I have been reading all the forums, and every one says that you can not raise the drill press head. Well! let me tell you what I did.
I took the head off the the post. On my my lathe, I milled out a coupling to fit a 6 inch piece of pipe the same diameter as the pole that the head sits on.. The coupling was attatched to the top of the original pole with set screw and the extension was put on the other end of the coupling with set screws. The head was then put back using the original set screw that came with the drill press. 
The drill press works picture perfect with no problems. 
perhaps I can take some pixs of the drill press,


----------



## Mark_f (Dec 7, 2014)

Yes, Please post some pictures.

Mark Frazier


----------



## Bill Gruby (Dec 7, 2014)

Yes pics would be nice. Popular thought is that when you add a coupling you make the column less rigid. Especially if it is closer to the head. 

 "Billy G"


----------



## Bill C. (Dec 7, 2014)

bandit said:


> Hello!
> I have been reading all the forums, and every one says that you can not raise the drill press head. Well! let me tell you what I did.
> I took the head off the the post. On my my lathe, I milled out a coupling to fit a 6 inch piece of pipe the same diameter as the pole that the head sits on.. The coupling was attatched to the top of the original pole with set screw and the extension was put on the other end of the coupling with set screws.
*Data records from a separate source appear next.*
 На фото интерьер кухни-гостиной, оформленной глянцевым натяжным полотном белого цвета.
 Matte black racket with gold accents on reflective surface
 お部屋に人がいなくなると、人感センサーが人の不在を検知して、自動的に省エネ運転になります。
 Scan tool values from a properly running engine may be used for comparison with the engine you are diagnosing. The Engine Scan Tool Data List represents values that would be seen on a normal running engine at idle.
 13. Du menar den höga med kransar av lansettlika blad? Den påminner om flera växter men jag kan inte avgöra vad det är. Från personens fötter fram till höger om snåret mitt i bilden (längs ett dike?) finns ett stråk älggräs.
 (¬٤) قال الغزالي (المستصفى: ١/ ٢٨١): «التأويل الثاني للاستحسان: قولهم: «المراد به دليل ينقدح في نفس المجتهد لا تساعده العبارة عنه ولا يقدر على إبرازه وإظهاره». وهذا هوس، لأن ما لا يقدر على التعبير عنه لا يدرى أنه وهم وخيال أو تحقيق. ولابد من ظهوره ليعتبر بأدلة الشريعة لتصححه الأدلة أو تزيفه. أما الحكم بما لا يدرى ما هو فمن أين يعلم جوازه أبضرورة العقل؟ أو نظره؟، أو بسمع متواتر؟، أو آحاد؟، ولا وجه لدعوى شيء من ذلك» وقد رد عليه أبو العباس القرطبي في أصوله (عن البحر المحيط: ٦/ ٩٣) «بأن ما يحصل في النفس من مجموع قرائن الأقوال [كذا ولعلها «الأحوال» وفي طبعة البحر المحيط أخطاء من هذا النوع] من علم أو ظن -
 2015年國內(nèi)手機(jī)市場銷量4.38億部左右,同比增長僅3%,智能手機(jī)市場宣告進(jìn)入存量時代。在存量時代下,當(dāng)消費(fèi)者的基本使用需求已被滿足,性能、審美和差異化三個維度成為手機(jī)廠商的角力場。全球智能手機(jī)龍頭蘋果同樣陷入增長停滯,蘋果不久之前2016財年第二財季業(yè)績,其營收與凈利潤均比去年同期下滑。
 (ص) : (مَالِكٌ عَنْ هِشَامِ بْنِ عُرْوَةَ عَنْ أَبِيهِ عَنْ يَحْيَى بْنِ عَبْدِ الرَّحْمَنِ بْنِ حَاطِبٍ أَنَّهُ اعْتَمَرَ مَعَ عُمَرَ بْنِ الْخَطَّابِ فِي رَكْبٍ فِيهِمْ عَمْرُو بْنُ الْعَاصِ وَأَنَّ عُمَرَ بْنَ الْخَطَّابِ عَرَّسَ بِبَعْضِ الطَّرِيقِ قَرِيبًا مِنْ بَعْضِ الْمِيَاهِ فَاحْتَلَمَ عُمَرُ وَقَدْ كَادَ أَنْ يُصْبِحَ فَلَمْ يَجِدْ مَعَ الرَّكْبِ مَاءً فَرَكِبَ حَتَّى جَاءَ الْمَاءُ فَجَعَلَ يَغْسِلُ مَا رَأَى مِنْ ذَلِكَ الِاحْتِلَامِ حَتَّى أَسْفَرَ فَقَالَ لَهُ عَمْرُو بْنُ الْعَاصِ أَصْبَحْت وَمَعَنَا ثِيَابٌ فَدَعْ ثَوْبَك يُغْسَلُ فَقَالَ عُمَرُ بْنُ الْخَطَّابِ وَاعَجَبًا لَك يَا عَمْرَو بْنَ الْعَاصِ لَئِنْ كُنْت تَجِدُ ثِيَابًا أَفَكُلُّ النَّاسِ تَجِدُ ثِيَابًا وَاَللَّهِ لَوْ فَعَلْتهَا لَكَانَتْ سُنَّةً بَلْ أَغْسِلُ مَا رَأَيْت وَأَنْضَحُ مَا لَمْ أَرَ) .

The head was then put back using the original set screw that came with the drill press.
> The drill press works picture perfect with no problems.
> perhaps I can take some pixs of the drill press,



Usually we lower the head on a drill press.  I too would like to see your project.  Thanks


----------



## 12bolts (Dec 8, 2014)

Did you did this to bring the quill to a comfortable height or to give yourself more work scope?
And yes please for some pics

Cheers Phil


----------